_What you need to do:_
Only the lines from the beginning of the data through the one with "まるでクッキーのような可愛ら" belong in the answer, each retyped exactly, with pictures left out.

_Source material:_
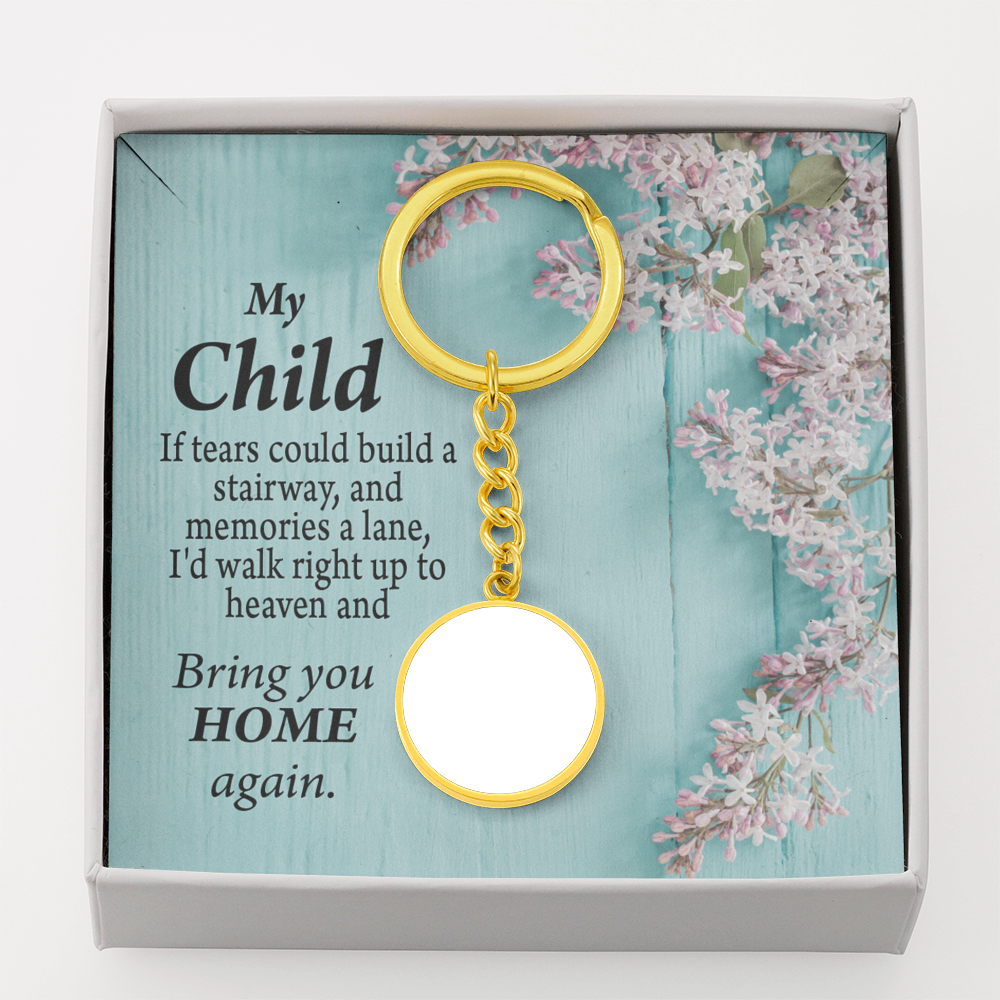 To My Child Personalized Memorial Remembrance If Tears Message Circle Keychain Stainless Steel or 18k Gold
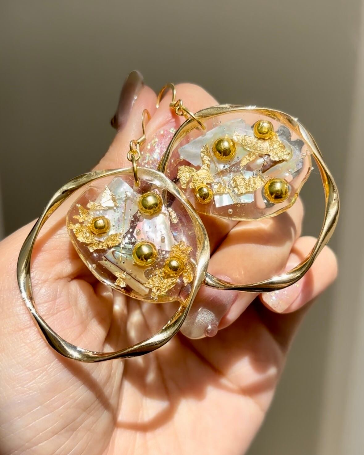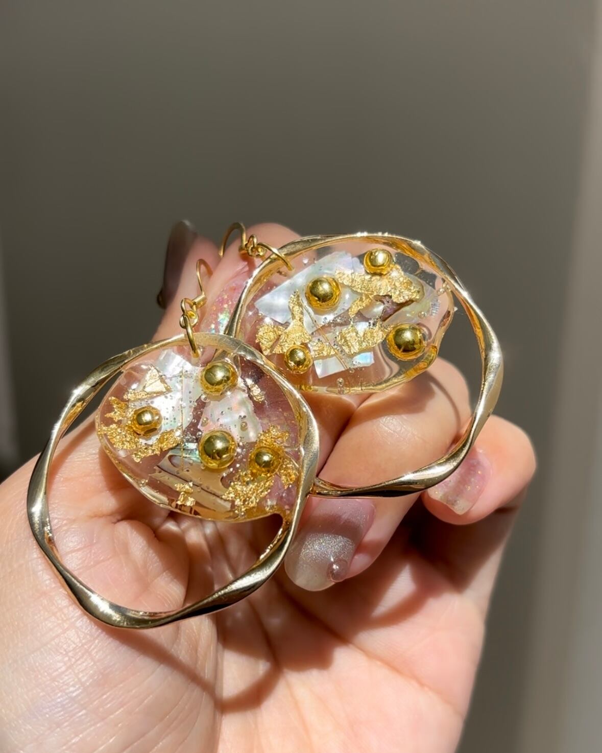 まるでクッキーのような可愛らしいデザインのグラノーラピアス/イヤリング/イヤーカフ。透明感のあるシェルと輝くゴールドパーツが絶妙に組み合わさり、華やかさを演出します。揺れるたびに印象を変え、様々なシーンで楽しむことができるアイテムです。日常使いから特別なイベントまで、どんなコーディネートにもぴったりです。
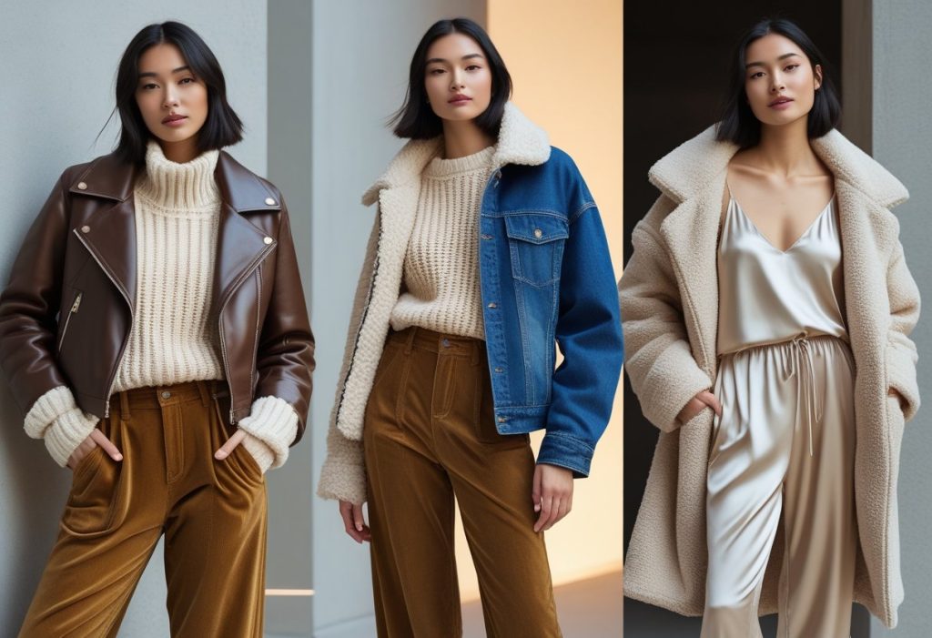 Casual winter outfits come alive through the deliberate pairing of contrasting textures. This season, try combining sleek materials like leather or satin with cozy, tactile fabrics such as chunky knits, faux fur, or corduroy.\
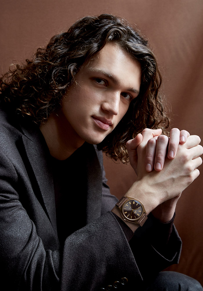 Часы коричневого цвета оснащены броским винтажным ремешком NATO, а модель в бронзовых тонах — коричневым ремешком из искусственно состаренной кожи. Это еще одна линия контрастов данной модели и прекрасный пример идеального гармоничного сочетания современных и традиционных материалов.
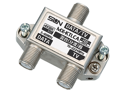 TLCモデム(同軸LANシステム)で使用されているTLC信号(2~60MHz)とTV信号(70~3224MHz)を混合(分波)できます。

_Written solution:_
 To My Child Personalized Memorial Remembrance If Tears Message Circle Keychain Stainless Steel or 18k Gold
 まるでクッキーのような可愛らしいデザインのグラノーラピアス/イヤリング/イヤーカフ。透明感のあるシェルと輝くゴールドパーツが絶妙に組み合わさり、華やかさを演出します。揺れるたびに印象を変え、様々なシーンで楽しむことができるアイテムです。日常使いから特別なイベントまで、どんなコーディネートにもぴったりです。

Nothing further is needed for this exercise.